You can join CPPM to an Active Directory domain to authenticate users and computers that are members of an Active
Users can then authenticate into the network using 802.1X and EAP methods, such as PEAP-MSCHAPv2, with their
own their own AD credentials.
Joining CPPM to an Active Directory domain creates a computer account for the CPPM node in the AD database.
If you need to authenticate users belonging to multiple AD forests or domains in your network, and there is no trust
relationship between these entities, then you must join CPPM to each of these untrusting forests or domains.
There is no need to join CPPM to multiple domains belong to the same AD forest because a one-way trust relationship
exists between these domains. In this case, you join CPPM to the root domain.
Environment : This Knowledge base is written for CPPM 6.x version.
Configuration Steps : Browse to Administration » Server Manager » Server Configuration and click on the server which we need to add to Domain.
Click on "Join Domain" and enter the details below.
Domain Controller : Fully qualified name of the Active Directory domain controller
Domain Controller name conflict :In some deployments (especially if there are multiple domain controllers, or if the domain
name has been wrongly entered in the last step), the domain controller FQDN returned by
the DNS query can be different from what was entered.
In this case, you may:
i: Continue to use the domain controller name that you entered
ii:Use the domain controller name returned by the DNS query
iii:Abort the Join Domain operation.
Use default domain admin user: Check this box to use the Administrator user name to join the domain
User Name: User ID of the domain administrator account
Password: Password of the domain administrator account
Hit "Save" and the CPPM will be joined to the Domain.
Troubleshooting : A common issue noticed while adding CPPM to domain.
Below is the complete error message.
Adding host to AD domain...
INFO - Fetched REALM 'CLEARPASS.ARUBA.COM' from domain FQDN 'ad.clearpass.aruba.
INFO - Fetched the NETBIOS name 'CLEARPASS'
INFO - Creating domain directories for 'CLEARPASS'
INFO - Using Administrator as the AD's username
Enter Administrator's password:
[2013/08/23 03:10:15, 0] libads/sasl.c:819(ads_sasl_spnego_bind)
kinit succeeded but ads_sasl_spnego_krb5_bind failed: Unspecified GSS failure.
Minor code may provide more information : Clock skew too great
Failed to join domain: failed to connect to AD: Unspecified GSS failure.
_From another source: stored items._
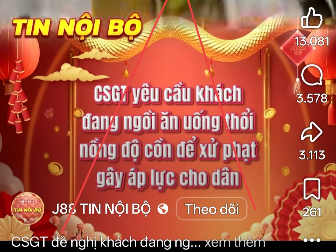 Trong những ngày qua, một số trang mạng xã hội không chính thống, điển hình như trang có tên “J88 TIN NỘI BỘ”, đã đăng tải hình ảnh, video với nội dung quy chụp rằng lực lượng CSGT vào quán ăn, quán nhậu để kiểm tra nồng độ cồn đối với người dân đang ngồi ăn uống. Những thông tin này nhanh chóng lan truyền, thu hút sự chú ý của cộng đồng mạng, gây tâm lý hoang mang và bức xúc.
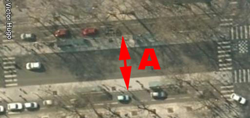 L'espace A entre les deux voies de circulations latérales est égal à 14,5 mètres d'après l'échelle Google et mes calculs. Sur le tracé du tram à droite, l'espace B entre les deux voies de circulations latérales est égal à 14,4 mètres d'après l'échelle et mes calculs. On a donc A = B, cela signifie que les travaux de chaussée pour les voies latérales ont été effectuées correctement il y a quelques années et qu'il n'y aura pas besoin de revenir dessus. On pouvait en douter tant, sur l'image de droite du tracé, les croix rouges sont très près du bord et laissent croire qu'il est inévitable d'abattre les platanes. C'est faux, puisque c'est la disposition actuelle qui ne changera pas.
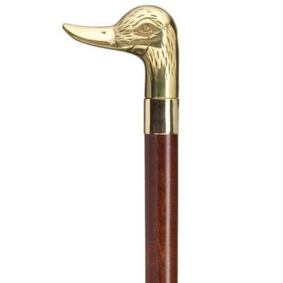Solid brass duck head handle with brass band mounted on a lacquered hardwood shaft.
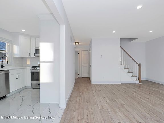 Beautiful bright and airy fully renovated detached home in prime south shore location! Gorgeous tree lined street, 4 bedrooms 3 baths, full finished basement, huge backyard! Brand new electric panel, brand new heating, hot water heater and central A/C! Gorgeous luxury vinyl flooring on the first and second floor, brand new eat in kitchen with large tile flooring, granite counters and tile backsplash! FInished basement has great space, slop sink in laundry area and half bathroom! Brand new concrete driveway and entryway! Awesome block, convenient location, short distance to hylan blvd, public transportation, and all shopping! If you are looking for a truly renovated move in ready home, this is the one! Meticulous work from a quality contractor, do not miss this one! Neat and clean, an absolute must see!
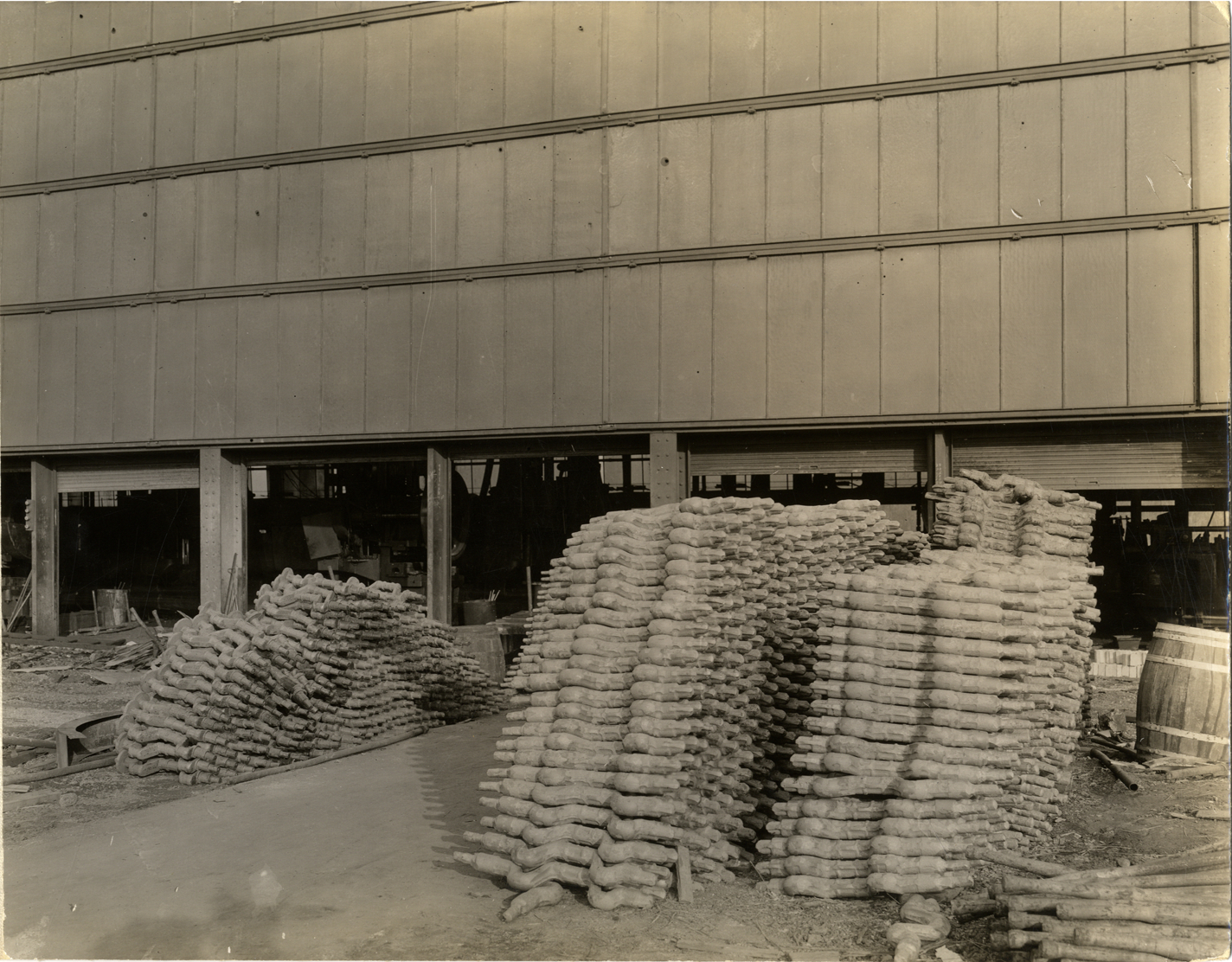 Automobile parts stacked in front of Chalmers Motor Company factory

Minor
code may provide more information : Clock skew too great
INFO - Restoring smb configuration
INFO - Restoring krb5 configuration file
INFO - Deleting domain directories for 'CLEARPASS'
ERROR - Aruba_CPPM_6.2 failed to join the domain CLEARPASS.ARUBA.COM with domain
controller as ad.clearpass.aruba.com
Join domain failed
This will be fixed if the time on Active Directory is same as the time on CPPM.
On CPPM we can change the time by browsing to "Administration » Server Manager » Server Configuration" and clicking on "Set Date & Time"
We can either manually update the time or synchronize it with a NTP server.
NOTE: Changing the date/time will cause the services to restart.